Operating

Op deze pagina een lijst van populaire frequenties die voor bepaalde experimenten gebruikt worden. Deze frequenties passen in de bandplannen maar worden daar niet specifiek genoemd omdat deze techniek gedreven zijn voor een specifiek experiment. Deze experimenten zijn meestal tijdelijk.

Bandplannen zijn zo mogelijk generiek en techniek neutraal opgesteld. Er wordt voor een frequenetiegebied een maximale bandbreedte opgegeven. Hier staan de bandplannen die binnen de IARU-R1 zijn afgesproken.

De digitale smalband modes zijn de laatste jaren erg populair en iedere mode heeft zijn eigen frequentie. Digitale smalband modes worden ook aangeduid met de afkorting MGM. MGM = Machine Generated Modes.

 

50 MHz

In het IARU-R1 bandplan is 50,300 – 50,400 MHz aangewezen voor smalband MGM experimenten met een maximale bandbreedte van 2700 Hz. Legacy usage van MGM beneden 50,300 MHz is toegestaan, maar indien mogelijk moet dit volgens het IARU R1  bandplan plaatsvinden tussen 50,300 – 50,400 MHz.

50,230 JT6M. Een ‘oude’ digitale mode met 30s sequence.

50,280 MSK144. Hier wordt voornamelijk een 15 seconde sequence gebruikt.

50,313 FT8

50,323 FT8 intercontinental contacts. Zie ook de webpagina van de UKSMG over dit onderwerp.

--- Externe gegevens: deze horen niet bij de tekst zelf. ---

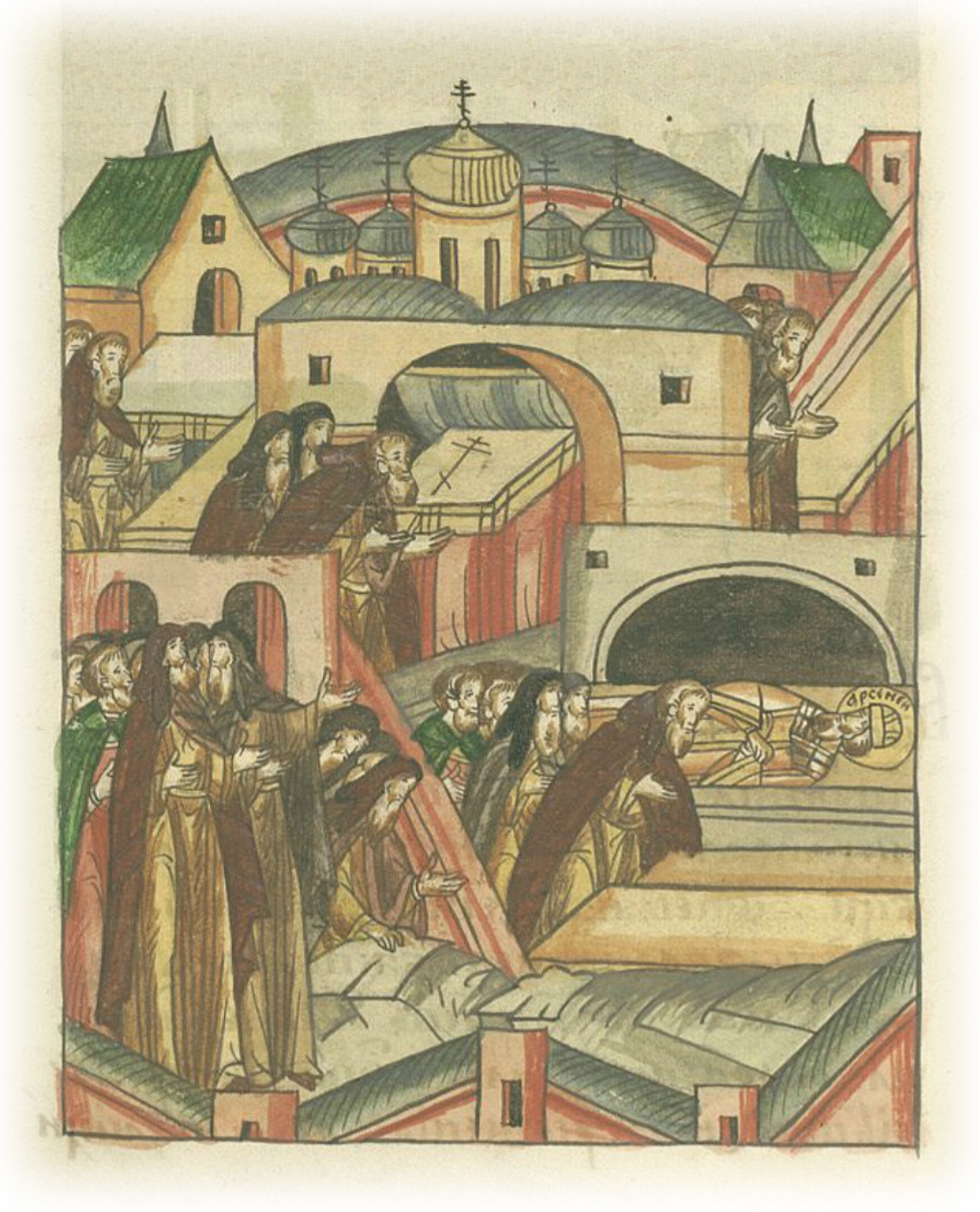 И целовали трапезу, на коей полагают святые страсти Христовы. И потом целовали святого Арсения патриарха и многих святых. Также целовали трапезу Авраамову, на которой угощал Христа Бога, в Троице явившегося. Также целовали одр железный, на котором Христовы мученики сжигаемы были. И пробыли все утро в церкви, поклоняясь и дивясь чудесам святых и величеству, и красоте безмерной церковной.

51,700 DATV max BW 500 kHz.

 

70 MHz

In het IARU-R1 bandplan is 70,100 – 70,250 MHz aangewezen voor CW/SSB/MGM experimenten met een maximale bandbreedte van 2700 Hz.

70,154 FT8. Nederlandse stations roepen CQ in de 2e sequentie.

70,174 MSK144 MS. Op 4m wordt meestal de 15s sequence gebruikt.

70,200 SSB/CW centrum activiteit

144 MHz

Het IARU-R1 bandplan geeft aan dat 144,100 – 144,150 MHz gereserveerd is voor CW/MGM moonbounce experimenten met een maximale bandbreedte van 500 Hz. De meeste gebruikte digitale mode is daar JT65b of Q65A, beiden met 60 seconde sequence.

Het banddeel 144,150 – 144,400 MHz is volledig gereserveerd voor SSB/CW/MGM experimenten met een maximale bandbreedte van 2700 Hz.

144,170 JT65b Terrestrial.

144.164 Deze frequentie wordt incidenteel ook voor FT8 gebruikt wanneer het te druk is op 144.174 MHz

144,174 FT8. Nederlandse stations roepen CQ in de 2e sequentie.

144,178 FT8 alternatieve frequentie.

144.180 Q65 voor aardse verbindingen. Meestal wordt Q65b met een 15 seconden sequence gebruikt.

144,300 SSB Centrum van activiteit

Het gehele frequentiegebied 144.340 tot 144.400 MHz wordt voor meteorscatter verbindingen gebruikt. Hier vinden sked plaats of als QSY frequentie na een oproep op 144.360 en 144.370 MHz. De QSY procedure staat beschreven in het VERON Vademecum.

144,360 MSK144. Gebruik alleen 30 seconden sequence. Nederlandse stations roepen CQ in de 2e sequentie.

144,370 FSK441. Gebruik alleen 30 seconden sequence. Nederlandse stations roepen CQ in de 2e sequentie.

432 MHz

Het IARU-R1 bandplan geeft aan dat 432,000 – 432,100 MHz is gereserveerd voor MGM/CW experimenten met een maximale bandbreedte van 500 Hz.  432,100 – 432,400 MHz is gereserveerd voor SSB/CW/MGM experimenten met een maximale bandbreedte van 2700 Hz.

432,174 FT8

432.180 Q65

432,200 SSB centre of activity

432,370 Digital Meteor scatter en tevens Meteor Scatter centre of activity. Hier wordt nog regelmatig FSK441 gebruikt.  Soms MSK144.

435 – 436 Satelliet Transponders

436 – 438 Gereserveerd voor breedband experimenten zoals DATV. Banddeel wordt gedeeld met satelliet activiteiten

439,9875 POCSAG PAGING. In europa de meest gebruikte frequentie voor POCSAG pager experimenten.

1296 MHz

1296.174 FT8 of FT4. FT8 blijkt niet altijd de juiste mode omdat de fsk tonen te dicht bij elkaar liggen. Er zijn op 23cm betere resultaten met FT4 door de grotere tone spacing.

1296.180 Q65 voor aardse verbindingen. Meestal de submode Q65b met 15s sequence.

2320 MHz

2320.174 FT8

2320.180 Q65 voor aardse verbindingen. Meestal de submode Q65b met 15s sequence.